Next Article in Journal
Polynitrogen Bicyclic and Tricyclic Compounds as PDE4 Inhibitors
Previous Article in Journal
Development Process of TGDI SI Engine Combustion Simulation Model Using Ethanol–Gasoline Blends as Fuel
 
 
Article
Peer-Review Record

An Interpretable XGBoost Framework for Predicting Oxide Glass Density

Appl. Sci. 2025, 15(15), 8680; https://doi.org/10.3390/app15158680
by Pawel Stoch
Reviewer 1: Anonymous
Reviewer 2:
Appl. Sci. 2025, 15(15), 8680; https://doi.org/10.3390/app15158680
Submission received: 18 July 2025 / Revised: 30 July 2025 / Accepted: 1 August 2025 / Published: 5 August 2025

Round 1

Reviewer 1 Report

Comments and Suggestions for Authors

In this paper, the authors developed ML models to predict the density of oxide glasses and investigate how different feature engineering strategies impact model performance and interpretability. Generally, this is a very interesting and important work, contributing to the field of oxide glasses. In addition, the manuscript aligns well with the research direction of Applied Sciences. However, several problems in the authors’ manuscript need to be addressed before acceptance.
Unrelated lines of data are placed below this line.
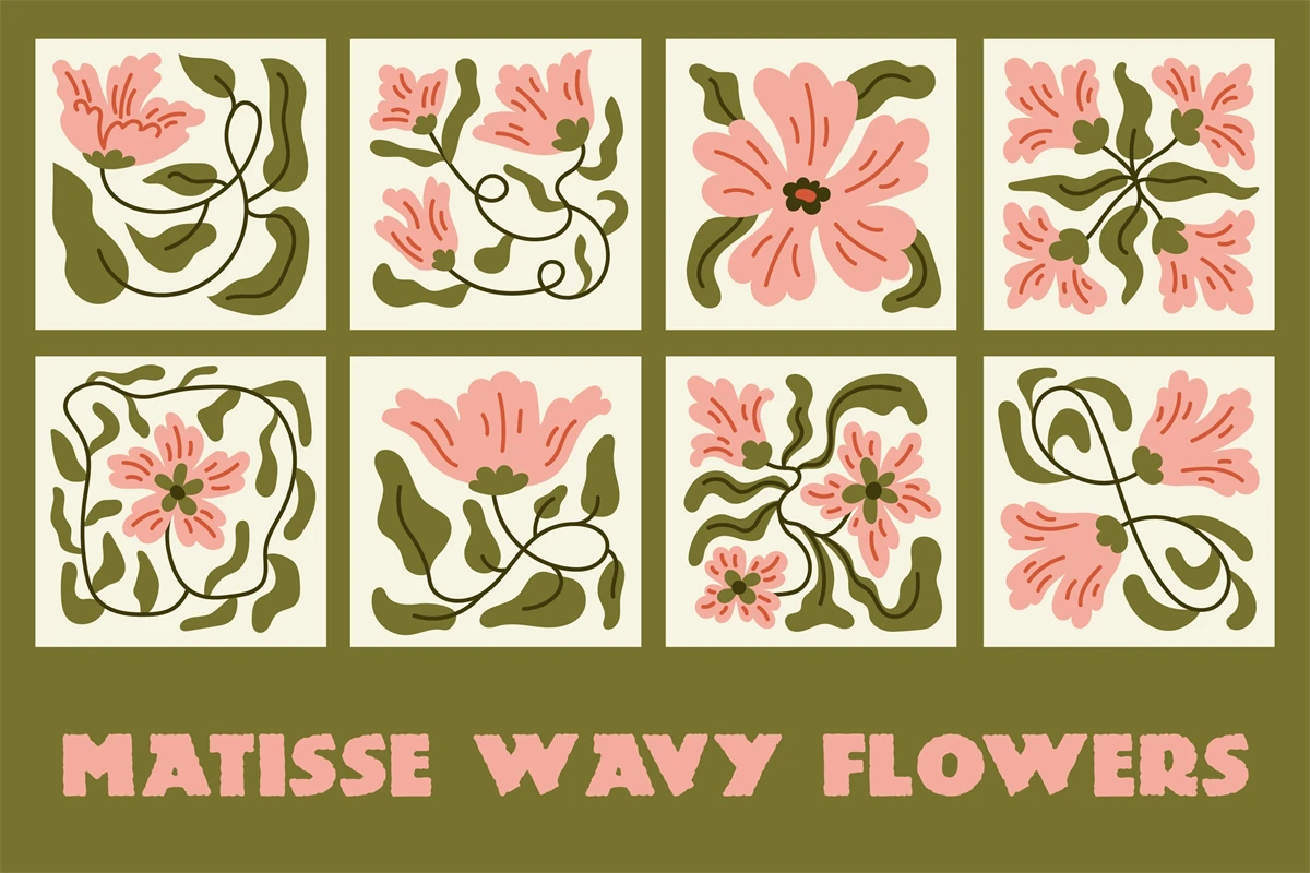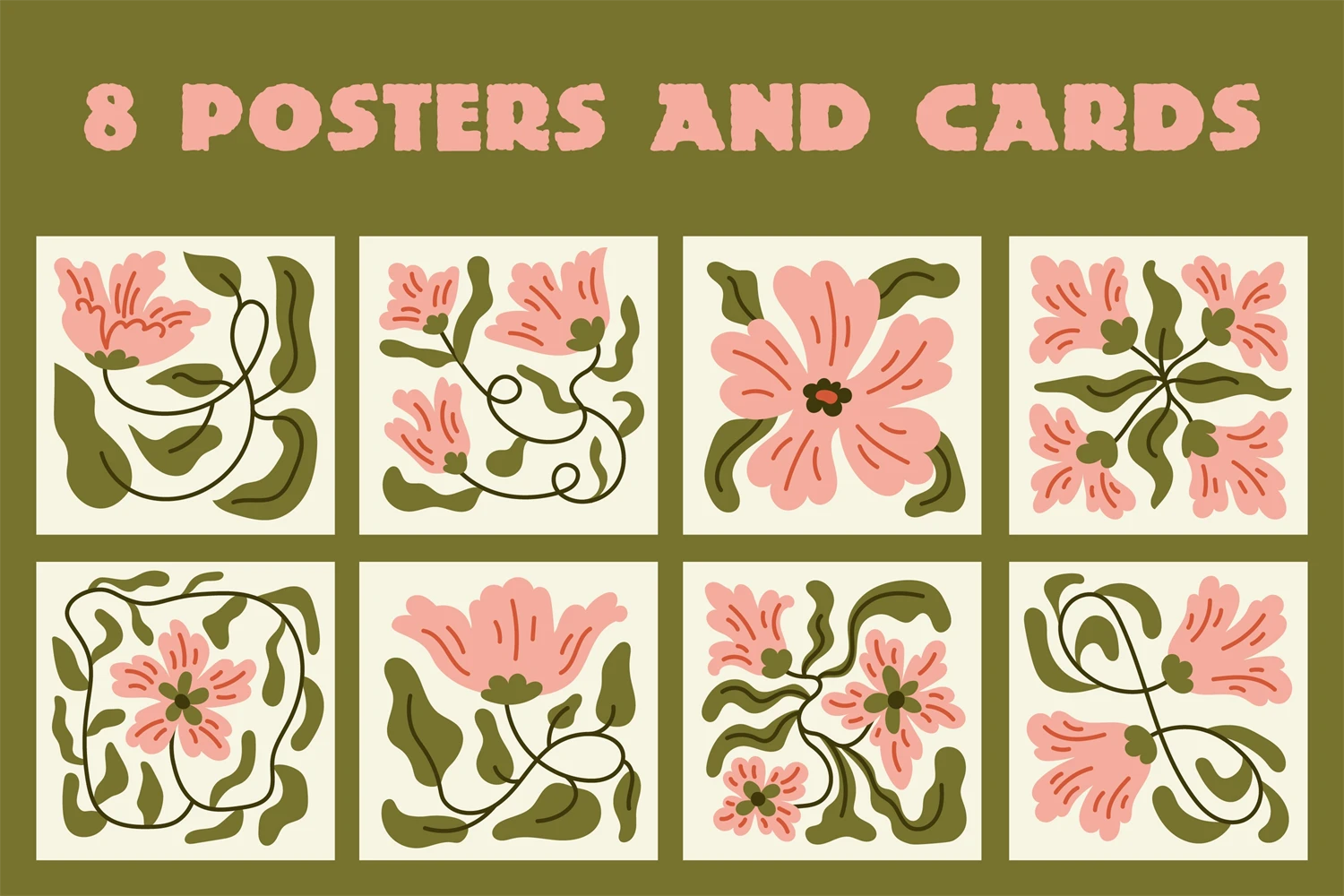 Trendy retro square posters and cards collection with abstract pink groovy flowers. Decorative wavy flowering plants with leaves and blossoms. Matisse inspires contemporary minimal arts. Modern liquid botanical set. Vintage aesthetic floral composition with nature elements. Vector illustration.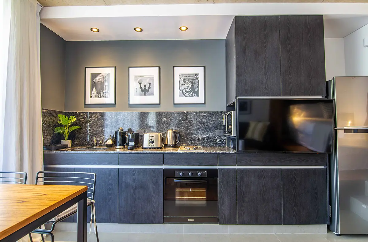 Es un departamento único por su amplitud, los detalles y calidad del equipamiento, su ubicación inmejorable en pleno Palermo Hollywood y su luminosidad. La cocina está totalmente equipada para disfrutarla con amigos y familia. Cuenta con horno, microondas, anafe, batería de cocina completa, vajilla de primer nivel y cafetera Nespresso. El Balcón tiene una parrilla y una vista genial del barrio. También cuenta con cochera privada y una piscina pequeña en PB.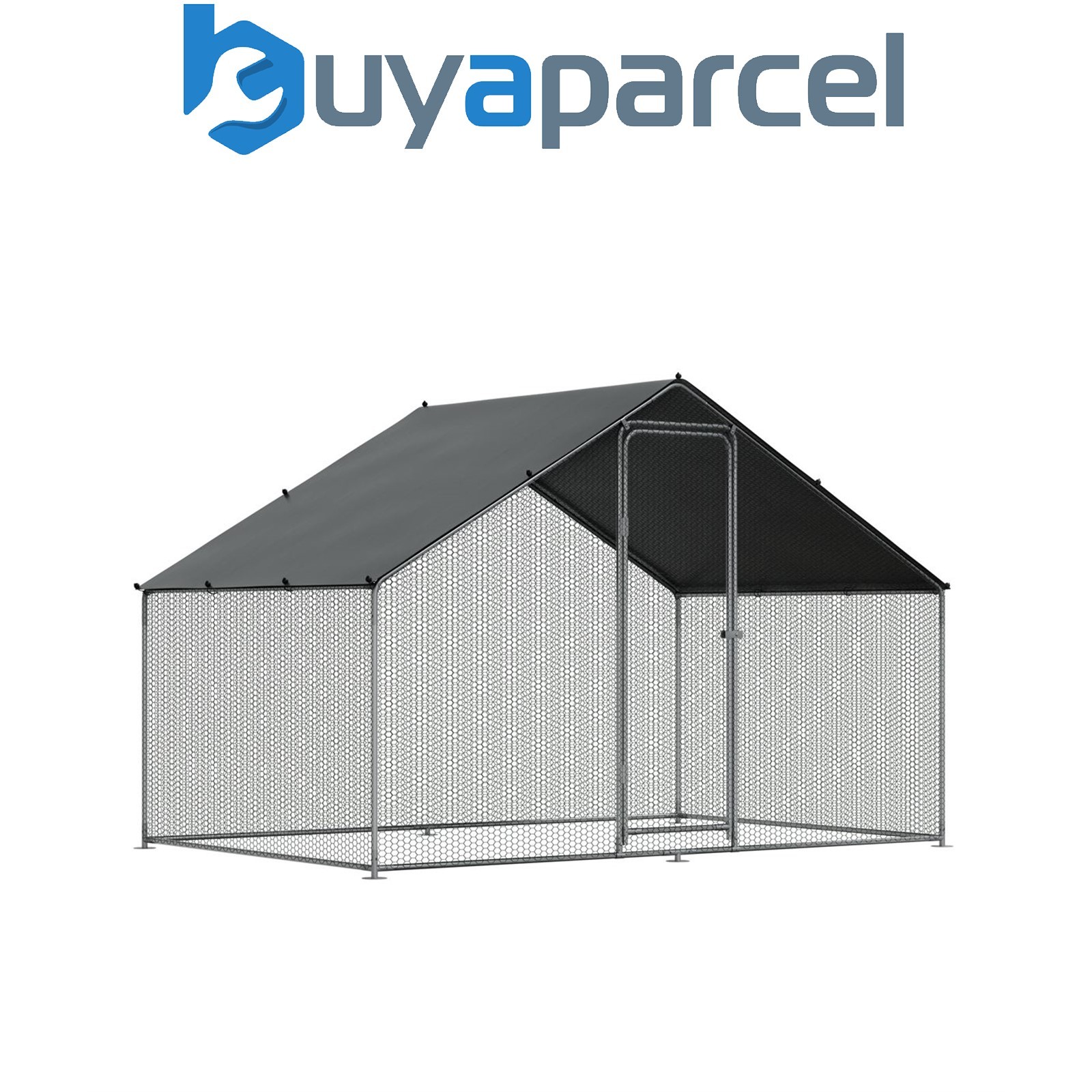 PawHut Walk-In Galvanised Chicken Run with Cover 2.8x3.8x2m - Fits 6-12 Chickens D51-321V01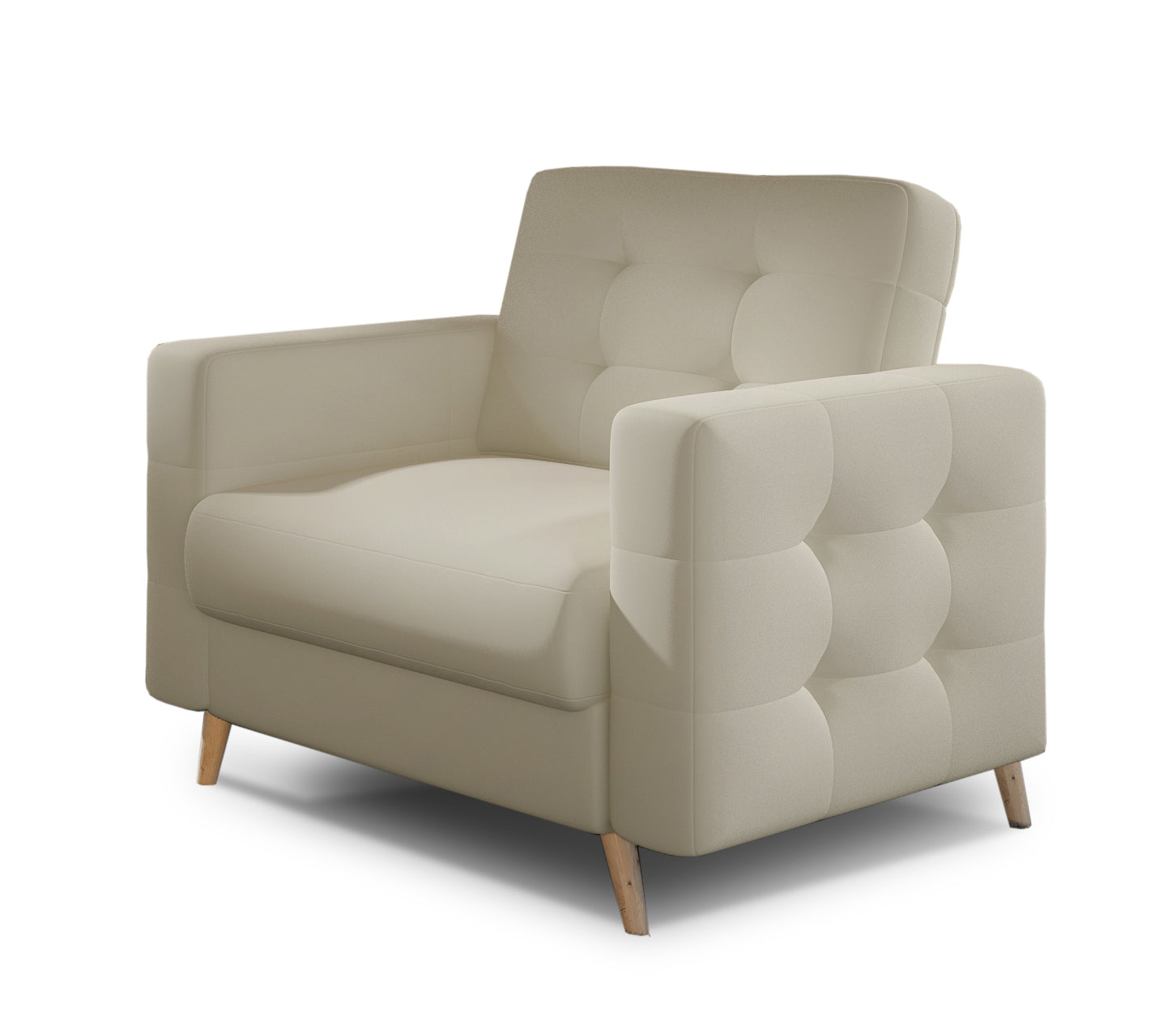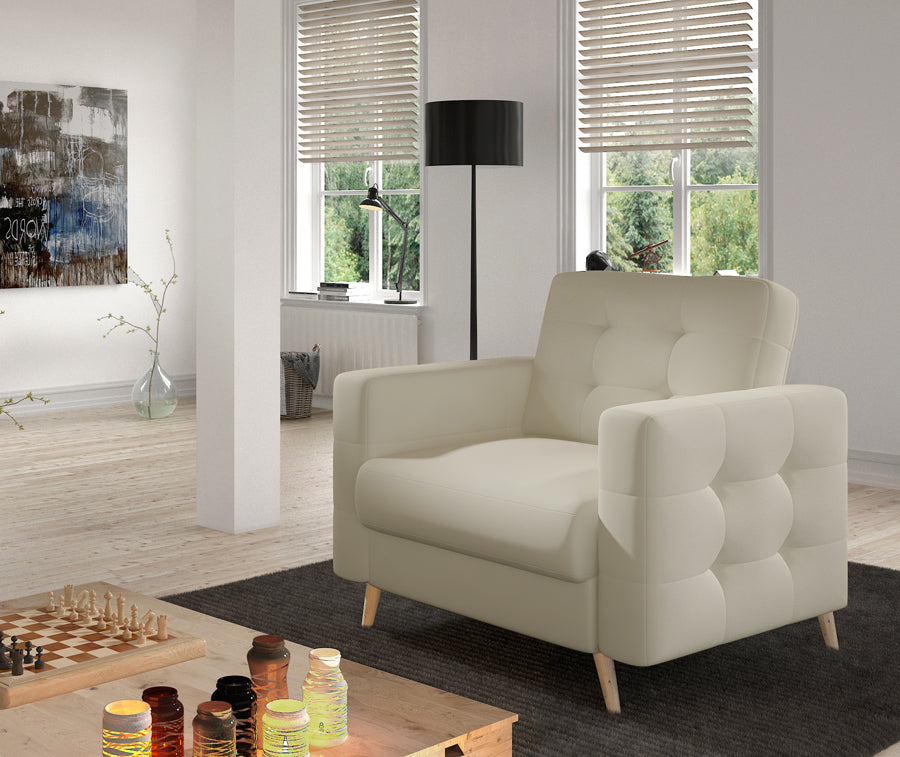 Fotel Asgard w klasycznym designie wzbogaci każdą przestrzeń w domowym zaciszu. Fotel posiada głębokie, gładkie siedzisko i ozdobne pikowania na bokach oraz na oparciu mebla. Całość prezentuje się niespotykanie lekko, dzięki drewnianym, toczonym nogom, które dodają eleganckiego wymiaru. Fotel ten, w zależności od preferencji, można postawić zarówno w sypialni, jak i salonie czy gabinecie. Plusem tego modelu z kolekcji mebli tapicerowanych ELTAP jest także obszerna poducha w siedzisku wypełniona pianką T30, która zapewnia wygodne miejsce do siedzenia i relaksu. Ten rodzaj pianki tapicerskiej ma doskonałą twardość, idealną sprężystość, a także dużą gęstość. W siedzisku mebla zastosowano również sprężynę falistą, a ta charakteryzuje się zwiększoną odpornością na zagniecenia – w związku z tym siedzisko jest stabilne. Położona na sprężynach gąbka nie będzie się wygniatała, a także zyska na trwałości.

The following comments would be helpful to improve the quality of this manuscript.
(1)    Please give the full names of ML and SHAP when they first appear in the abstract.
(2)    If possible, please give the used sample dataset after screening in the supplementary materials.
(3)    Please list the equations of the evaluation functions of the model performance.
(4)    Please explain what measures you have taken to avoid overfitting.
(5)    Please provide more details about calculation method of feature importance in section 2.
(6)    Figures 6 and 7 are not clear and please improve them.
(7)    Please revise the font of the text in the figures to be the same as that of the main text.
(8)    More results should be added in Conclusion section. Also, I suggest the authors clarify the limitations of this study, as well as the potential direction of future work. A previous work (ANN-based structure-viscosity relationship model of multicomponent slags for production design in mineral wool) has adopted first-nearest neighbor pairs, BO, NBO, FO, and NBO/T as the structural features of oxide glass in the ML models, which may be a potential method to further improve your model in your future research.

Author Response

First, we would like to thank the reviewer for his insightful and thoughtful comments. These comments significantly improved the quality of the manuscript. All changes in the text are highlighted in red.

 

(1)    Please give the full names of ML and SHAP when they first appear in the abstract.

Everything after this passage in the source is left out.